╭──

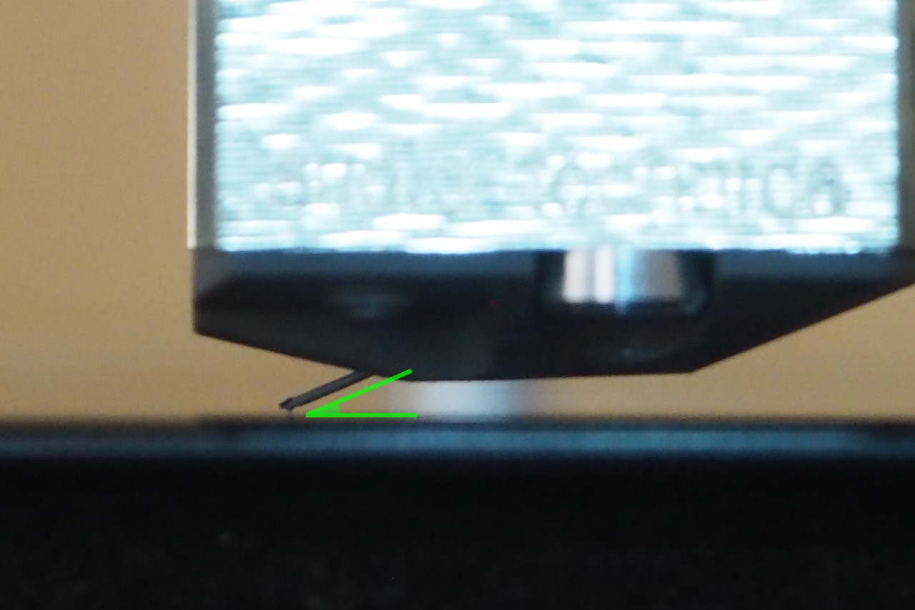 ただし単純な目視確認だと、どうしても人間には「視差」と言うものがあって判断の狂いが生じやすいです。カメラでズームして撮った方が分かりやすく、確実であったりします。1枚だけでなく連続で何枚も撮影しておきます。再生中にカートリッジが移動してきて”アングルが一致”する点を探します。複数の全ての写真でカンチレバーが同方向に傾いて見えたら、調整失敗ってこと。
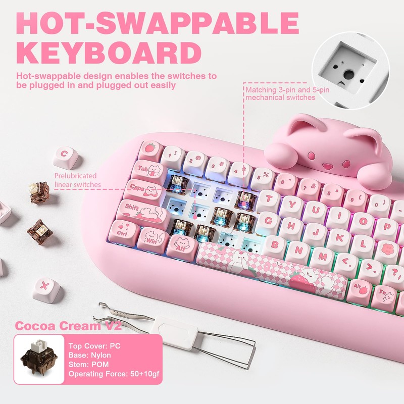 - 65% Layout, Adorable Cat-Inspired Design: YUNZII C68 wireless mechanical keyboard is a unique cute keyboard with YUNZII innovative kawaii cat design crafted from premium silicone material.The cat head of the keyboard is detachable.You can replace other head in future.The 65% layout 68 keys mechanical keyboard is compact and functional.This cute keyboard is suitable for home,office,workspace,outdoor,and casual games.
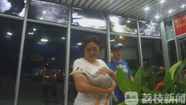 9月19号晚上7点左右,南京市民王女士抱着一只“大鸟”来到下马坊警务站,称在博爱湖附近散步时看到一只大雁往岸上走,这只大雁很特别,全身灰色的羽毛,头却是雪白的,上面还有两道黑色条纹,“我老公是大学老师,一看就知道是斑头雁,说是一级保护动物。”王女士说,因为知道大雁是群居动物,落单的肯定是身体弱的,担心山间有野猫会伤着它,就想带到玄武湖去放生。但想想,还是觉得交给警方处理比较靠谱。
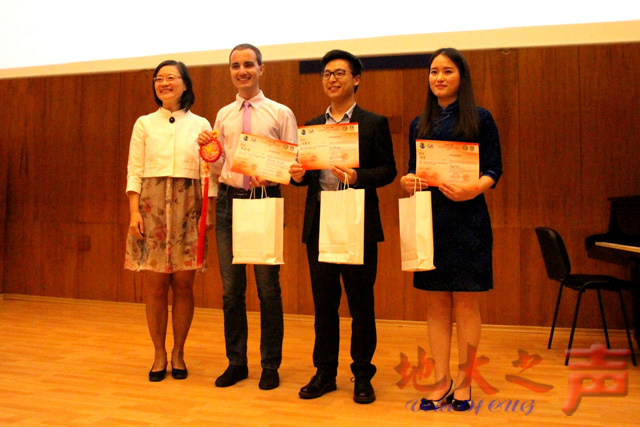 吴小莺参赞(左一)为迪米特•迪米特诺夫(左二)和何俊杰(右二)颁奖
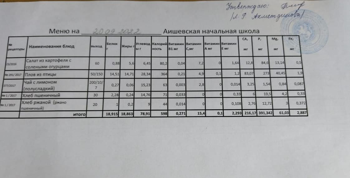 меню на 20.09.2022
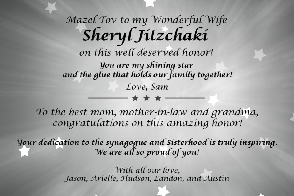 Gail Weinstein you deserve to be honored with the other Honorees!!! Congrats! Love Nancy and Michael Rehns Always Mazel Tov to our wonderful daughters. Love, Mama, Papa, Babuka, The Aunts, The Uncles and Cousins. We are so proud! Congratulations to Sheryl Jitzchaki for all you do for everyone! Judi and Rod Ross Mazal Tov to my wife and best friend! This honor well defines your kindness and compassion. Will Ryder Friend
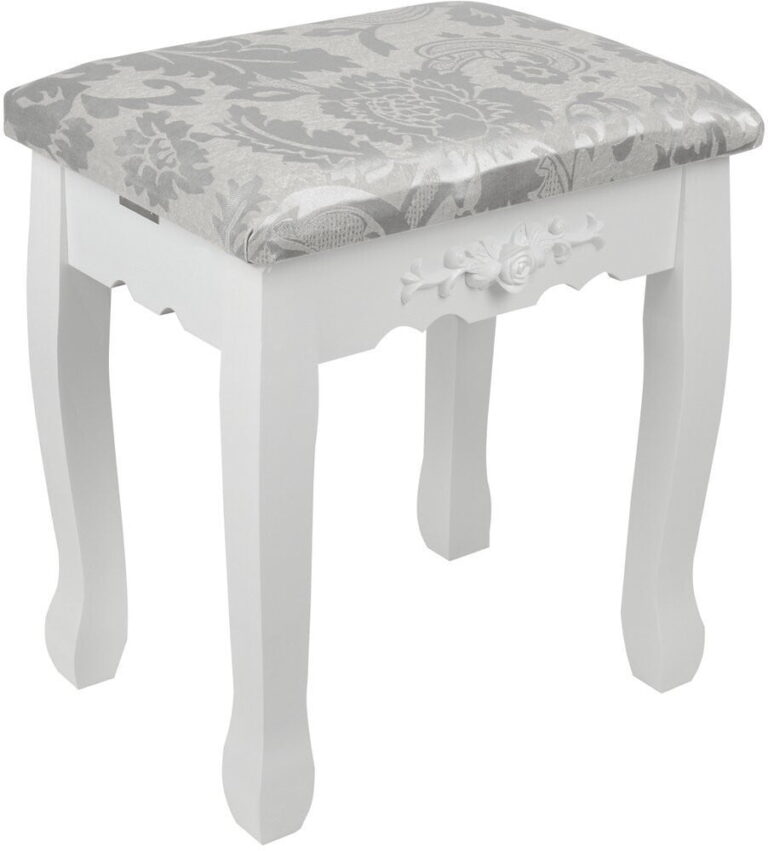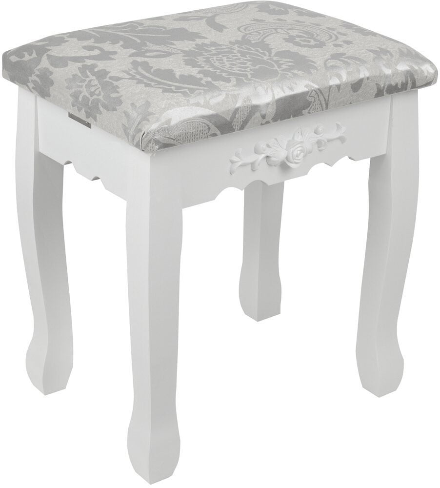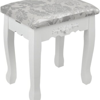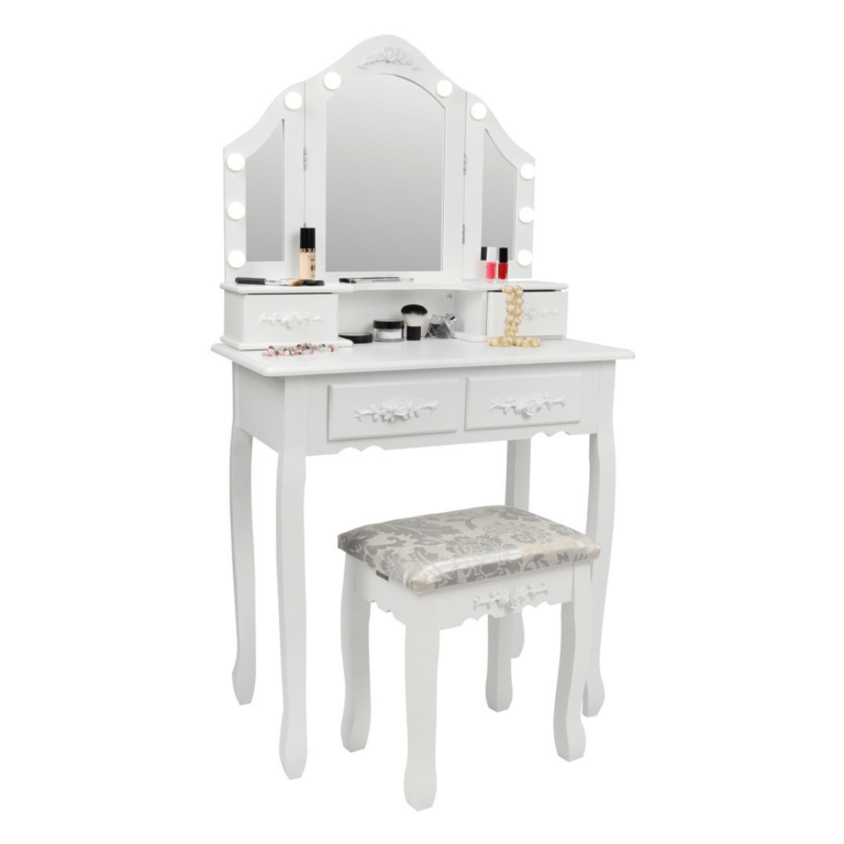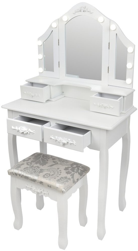 Toaletna mizica Mardot, izdelana v slogu Shabby Chic. Komplet vključuje tudi udoben stol. Ogledala z vgrajeno osvetlitvijo z 10 LED žarnicami. ✅ CE certifikat . Dimenzije: dolžina 75 cm x višina 140 cm x globina 40 cm.
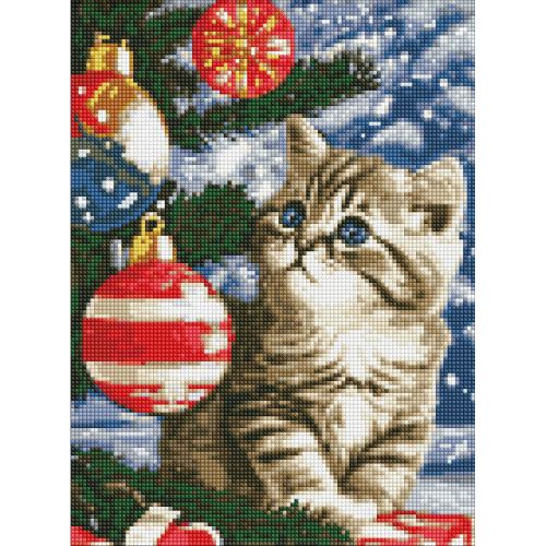 Набір з алмазною мозаїкою “Кошеня під ялинкою” з АВ стразами 30х40см
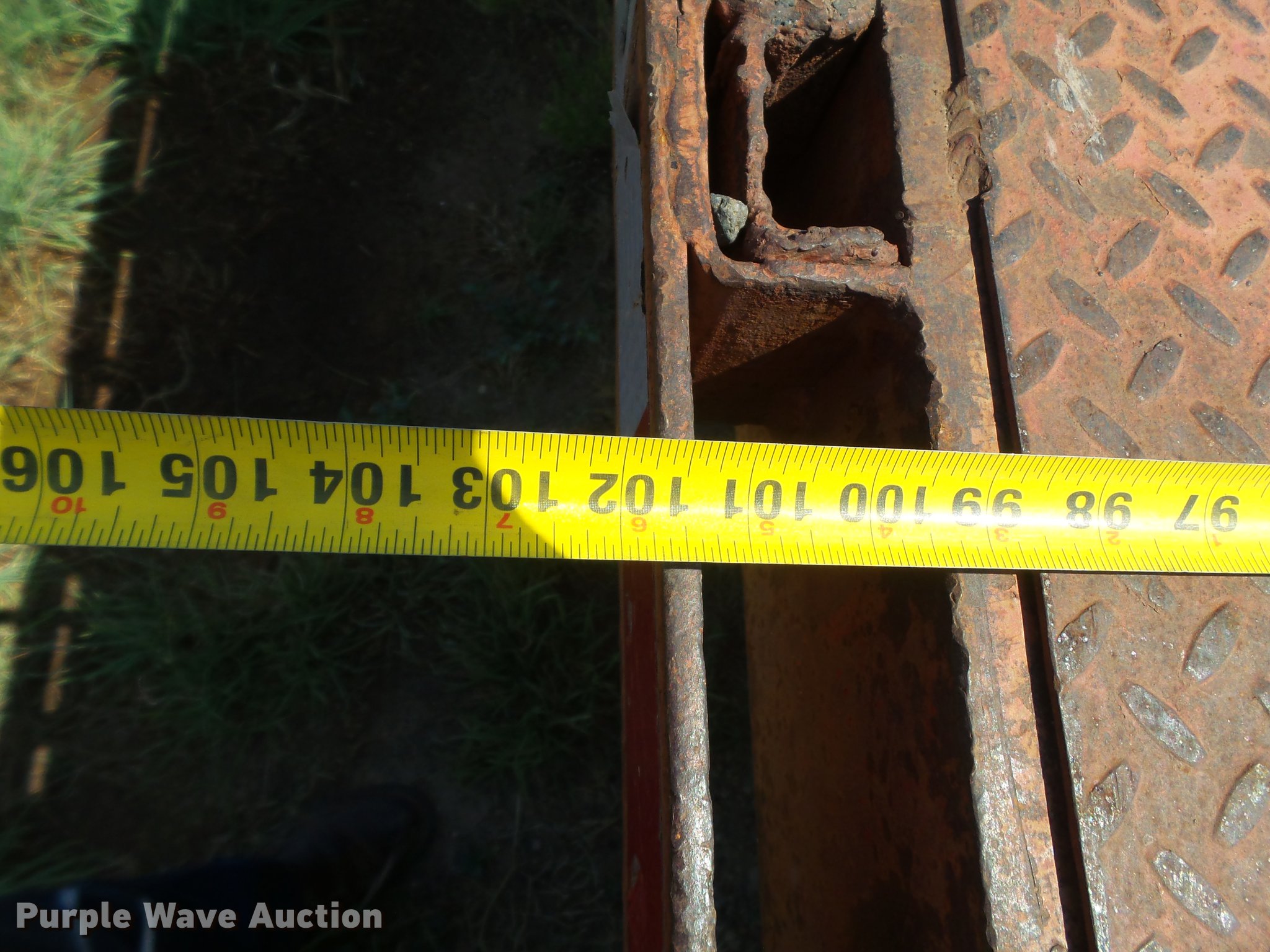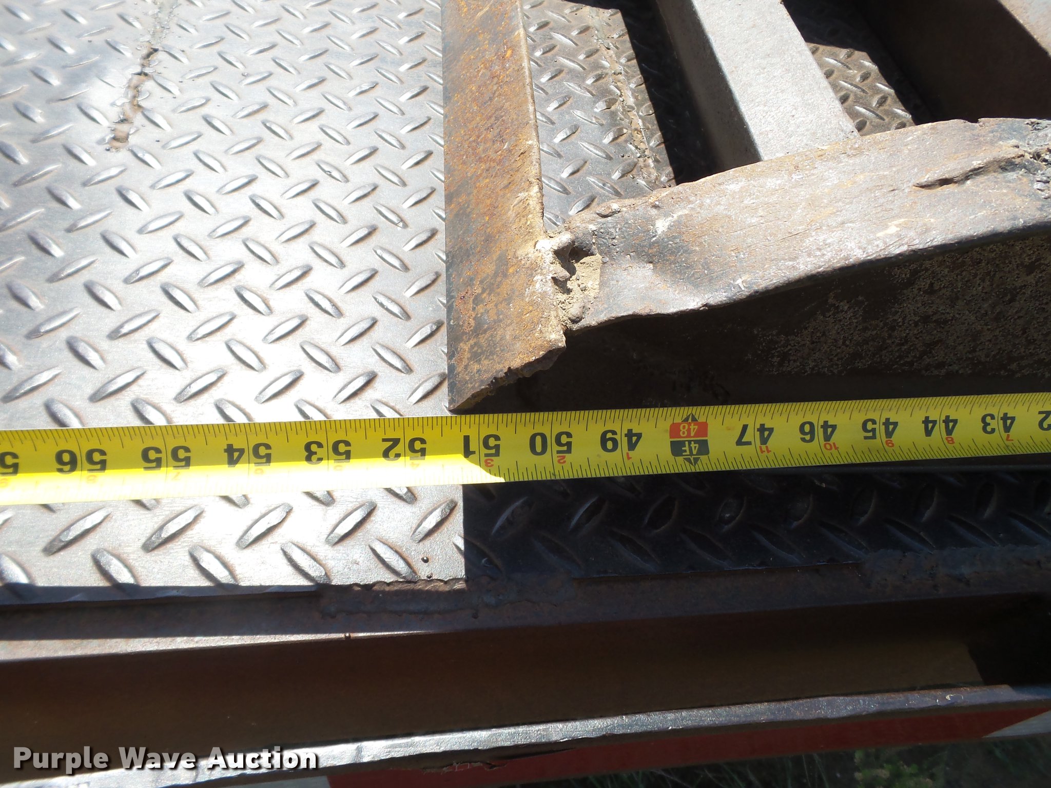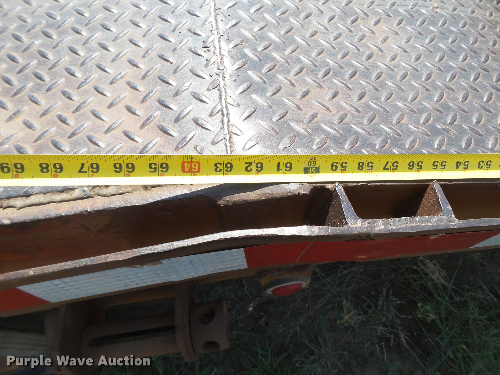 Purple Wave is selling a used Equip. Trailer in Texas. This item is a 1990 Trail King drop deck equipment trailer with the following: 53'L x 102"W, 124"L top deck, 37.5'L main deck, 5'L dovetail, 4'L ramps, Steel and wood deck, Stake pokcets, Under-mounted toolbox, Fifth wheel plate, Dual leg two speed landing gear, Air suspension, Air brakes, Tandem spread axle, Steel wheels, 225/70R22.5 tires

╰──

▸ TASK GOAL
Between and including the line with "Toaletna mizica Mardot, izdelana" and the line with "Набір з алмазною", repeat every line exactly as it appears above, with pictures left out.

▸ ANSWER SPACE
 Toaletna mizica Mardot, izdelana v slogu Shabby Chic. Komplet vključuje tudi udoben stol. Ogledala z vgrajeno osvetlitvijo z 10 LED žarnicami. ✅ CE certifikat . Dimenzije: dolžina 75 cm x višina 140 cm x globina 40 cm.
 Набір з алмазною мозаїкою “Кошеня під ялинкою” з АВ стразами 30х40см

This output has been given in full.